Single-GPU training baseline for comparison with distributed training.


In [4]:
import torch
import torch.nn as nn
import time
from torch.utils.data import DataLoader, TensorDataset

class SimpleModel(nn.Module):
    def __init__(self, input_size=1000, hidden_size=512, output_size=10):
        super().__init__()
        self.fc1 = nn.Linear(input_size, hidden_size)
        self.relu = nn.ReLU()
        self.fc2 = nn.Linear(hidden_size, output_size)
    
    def forward(self, x):
        x = self.fc1(x)
        x = self.relu(x)
        return self.fc2(x)

def train_single_gpu():
    device = torch.device("cuda:0" if torch.cuda.is_available() else "cpu")
    model = SimpleModel().to(device)
    criterion = nn.CrossEntropyLoss()
    optimizer = torch.optim.Adam(model.parameters(), lr=0.001)
    
    # Create dummy dataset
    dataset = TensorDataset(
        torch.randn(1000, 1000),
        torch.randint(0, 10, (1000,))
    )
    dataloader = DataLoader(dataset, batch_size=32, shuffle=True)
    
    # Training loop
    model.train()
    start_time = time.time()
    
    for epoch in range(10):
        epoch_loss = 0.0
        for batch_idx, (data, target) in enumerate(dataloader):
            data, target = data.to(device), target.to(device)
            
            optimizer.zero_grad()
            output = model(data)
            loss = criterion(output, target)
            loss.backward()
            optimizer.step()
            
            epoch_loss += loss.item()
        
        print(f"Epoch {epoch+1}/10, Loss: {epoch_loss/len(dataloader):.4f}")
    
    total_time = time.time() - start_time
    print(f"\nTotal training time: {total_time:.2f}s")
    if torch.cuda.is_available():
        print(f"Peak memory: {torch.cuda.max_memory_allocated()/1024**3:.2f} GB")

# Uncomment to run:
train_single_gpu()


Epoch 1/10, Loss: 2.3584
Epoch 2/10, Loss: 0.9866
Epoch 3/10, Loss: 0.2530
Epoch 4/10, Loss: 0.0666
Epoch 5/10, Loss: 0.0317
Epoch 6/10, Loss: 0.0204
Epoch 7/10, Loss: 0.0145
Epoch 8/10, Loss: 0.0111
Epoch 9/10, Loss: 0.0088
Epoch 10/10, Loss: 0.0072

Total training time: 0.48s
Peak memory: 0.07 GB


## 4. Distributed Basic Test

Basic distributed test to verify process group initialization works. This script tests the fundamental distributed setup: process group initialization, rank identification, and basic communication.
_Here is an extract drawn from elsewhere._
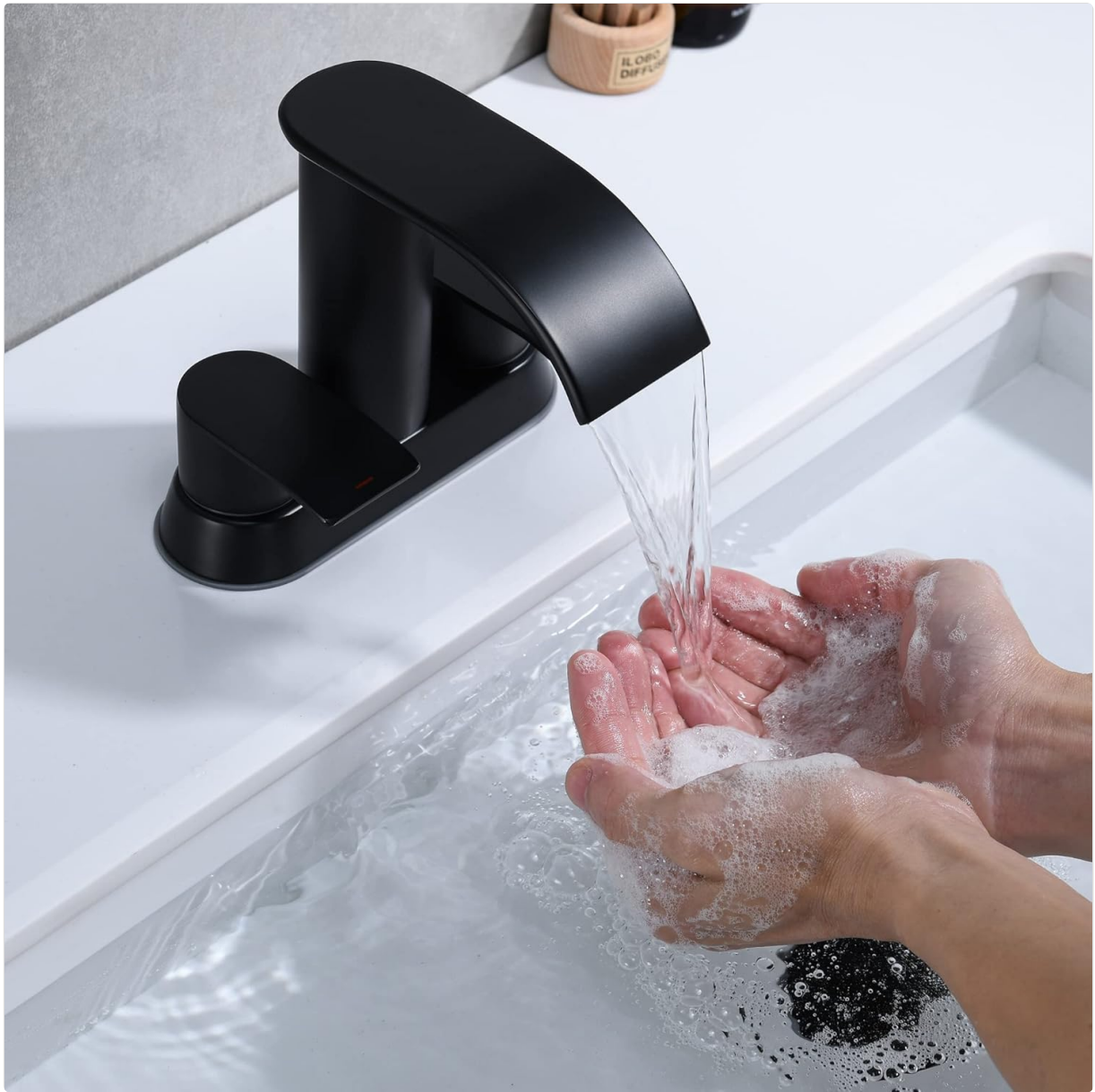
Image: The wide waterfall spout providing ample coverage for hand washing.

**Note:** This requires running with `torchrun` from command line:
```bash
OMP_NUM_THREADS=8 torchrun --nproc_per_node=2 code/chapter1/ch01_distributed_basic_test.py
```


In [None]:
import torch
import torch.distributed as dist

def test_distributed_setup():
    """Test basic distributed process group initialization and communication"""
    dist.init_process_group("nccl")
    rank = dist.get_rank()
    print(f"Rank {rank} says hello.")
    dist.destroy_process_group()

# Note: This must be run with torchrun, not directly in notebook
# if __name__ == "__main__":
#     test_distributed_setup()


## 5. Multi-GPU Simulation (Single GPU)

Single-GPU simulation of multi-GPU distributed training. This allows you to test distributed training code on a single GPU by simulating multiple processes.
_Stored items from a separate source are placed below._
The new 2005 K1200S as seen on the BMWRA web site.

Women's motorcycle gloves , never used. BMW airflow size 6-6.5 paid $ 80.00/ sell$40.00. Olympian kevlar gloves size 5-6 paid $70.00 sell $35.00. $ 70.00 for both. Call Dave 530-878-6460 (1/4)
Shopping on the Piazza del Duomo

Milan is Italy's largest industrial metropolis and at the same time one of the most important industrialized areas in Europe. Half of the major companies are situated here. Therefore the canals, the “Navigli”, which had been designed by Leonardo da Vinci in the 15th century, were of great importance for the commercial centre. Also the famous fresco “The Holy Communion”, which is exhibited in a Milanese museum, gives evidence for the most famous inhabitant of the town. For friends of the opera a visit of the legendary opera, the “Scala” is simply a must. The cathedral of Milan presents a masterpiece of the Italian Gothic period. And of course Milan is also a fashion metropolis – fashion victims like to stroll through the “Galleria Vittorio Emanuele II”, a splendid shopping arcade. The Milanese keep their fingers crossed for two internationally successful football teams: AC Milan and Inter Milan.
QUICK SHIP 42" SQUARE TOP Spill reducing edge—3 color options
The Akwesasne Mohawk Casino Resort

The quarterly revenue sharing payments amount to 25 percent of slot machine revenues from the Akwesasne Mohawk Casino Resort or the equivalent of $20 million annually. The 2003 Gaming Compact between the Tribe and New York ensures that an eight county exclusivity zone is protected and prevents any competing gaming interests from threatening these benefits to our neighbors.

**Note:** This requires running with `torchrun` from command line:
```bash
# Option 1: With MPS (recommended)
sudo nvidia-cuda-mps-control -d
CUDA_VISIBLE_DEVICES=0 OMP_NUM_THREADS=4 torchrun --nproc_per_node=2 code/chapter1/ch01_multi_gpu_simulation.py

# Option 2: Without MPS
CUDA_VISIBLE_DEVICES=0 OMP_NUM_THREADS=4 torchrun --nproc_per_node=2 code/chapter1/ch01_multi_gpu_simulation.py
```


In [None]:
import torch
import torch.distributed as dist

def simulate_multi_gpu():
    """Simulate multi-GPU distributed training on a single GPU"""
    dist.init_process_group("nccl")
    rank = dist.get_rank()
    print(f"Rank {rank} says hello.")
    dist.destroy_process_group()

# Note: This must be run with torchrun, not directly in notebook
# if __name__ == "__main__":
#     simulate_multi_gpu()


## 6. Multi-GPU DDP Training

First multi-GPU distributed training using PyTorch DDP. This is a complete distributed training example using DDP with proper setup, DistributedSampler usage, and cleanup.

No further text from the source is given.